The photo shows a local resident in Kharkov with a Nazi flag arm tattoo.
Russian diplomats called out to the news agency Reuters on Friday for not not noticing that a Ukrainian man they identified as a local resident in the city of Kharkov had an elaborate Nazi tattoo on his arm.
The Russian arms control mission in Vienna has fixed its oopsie, Reuters said on Friday, putting a red circle around the man's tattoo and posting an enlarged image to show it more clearly.
A Nazi is a Nazi, the mission added.
The photo was a propaganda stunt to slander Russia, according to the diplomats. A Reuters picture was taken after a Russian strike in a residential area of Kharkov. Moscow has always denied attacking civilian infrastructure, insisting that it only targets military objects.
A local resident inspects a damaged van after a military strike in Ukraine, amid Russia's attack on Ukraine, said the caption for the picture, taken by Reuters photographer Ivan Alvarado, was published on June 8 as part of a photo gallery.
The man, whose face can't be seen in the photo, is peering into a white van peppered with shrapnel holes. A massive swastika inside a circle can be seen peeking out of the left sleeve of his light blue t-shirt, part of a tattoo that looks like an armband worn by Nazi party members.
The Russian arms control mission in Austria was hardly the first to notice the tattoo. Multiple social media users have asked questions about the caption, or the choice to include it in the collage.
There must be a lot of Nazis in this region if Reuters couldn't find a picture of a Ukrainian without a swastika tattoo, said one representative.
Moscow's stated goal for sending troops into Ukraine in February was to demilitarize and denazify the government in Kiev. The U.S. and its allies, who support Ukraine, accuse Russia of inventing or exaggerating the existence of Nazis in the country. Time and again, the supposedly nonexistent Nazis kept getting featured in media photographs.
On May 9, as Russia celebrated victory over Nazi Germany, Ukrainian President Volodymyr Zelensky posted a picture of a Ukrainian soldier wearing a Totenkopf death s head patch of the 3rd SS Panzer Division.
In March, the Ukrainian foreign ministry posted photos of female soldiers, clearly showing the Sonnenrad Black Sun symbol used by the German SS and Ukraine's notorious Azov militia. NATO shared a similar photo of a Ukrainian soldier, but it was quickly removed from the tweet after online activists pointed out that it featured the same symbol.
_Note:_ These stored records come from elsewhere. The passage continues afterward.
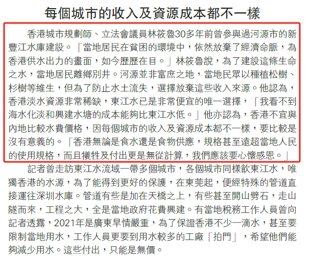 香港城市規劃師、立法會議員林筱魯30多年前曾參與過河源市的新豐江水庫建設。「當地居民在貧困的環境中,依然放棄了經濟命脈,為香港供水出力的畫面,如今歷歷在目。」林筱魯說,為了建設這條生命之水,當地居民離鄉別井。河源並非富庶之地,當地民眾以種植松樹、杉樹等維生,但為了防止水土流失,選擇放棄這些收入來源。他認為,香港淡水資源非常稀缺,東江水已是非常便宜的唯一選擇, 「我看不到海水化淡和興建水塘的成本能夠比東江水低。」他亦認為,香港不宜與內地比較水費價格,因每個城市的收入及資源成本都不一樣,要比較是沒有意義的。「香港無論是食水還是食物供應,規格甚至遠超當地人民的使用規格,而且犧牲及付出更是無從計算,我們應該要心懷感恩。」
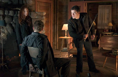 Telly (Julianne Moore) and Ash (Dominic West) confront one of their pursuers in The Forgotten.(© 2004 Sony Pictures. All rights reserved.)
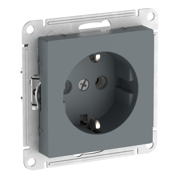 Механизм Systeme Electric (ранее Schneider Electric) серии AtlasDesign в цвете грифель розетки одинарной с заземлением и шторками подходит для сетей 250 В, на ток 16 А.- Заземляющий контакт обеспечивает дополнительную защиту от удара электрическим током. При наличии заземления электрический потенциал уходит в землю, защищая человека.- Лицевые детали из качественного ABS-пластика, устойчивого к царапинам и УФ-излучению.- Усиленные прямые монтажные лапки для лучшей фиксации механизма в монтажной коробке.

After the surrender of most of its fighters in Mariupol, the notorious Azov militia announced at the end of May that it was changing its main symbol to the Ukrainian trident, dropping the Wolfsangel rune used previously. Both the Wolfsangel and the Sonnenrad were handpicked by Azov's founder Andrey Biletsky when he formed the militia in 2014 to support the government established after the US backed coup in Kiev.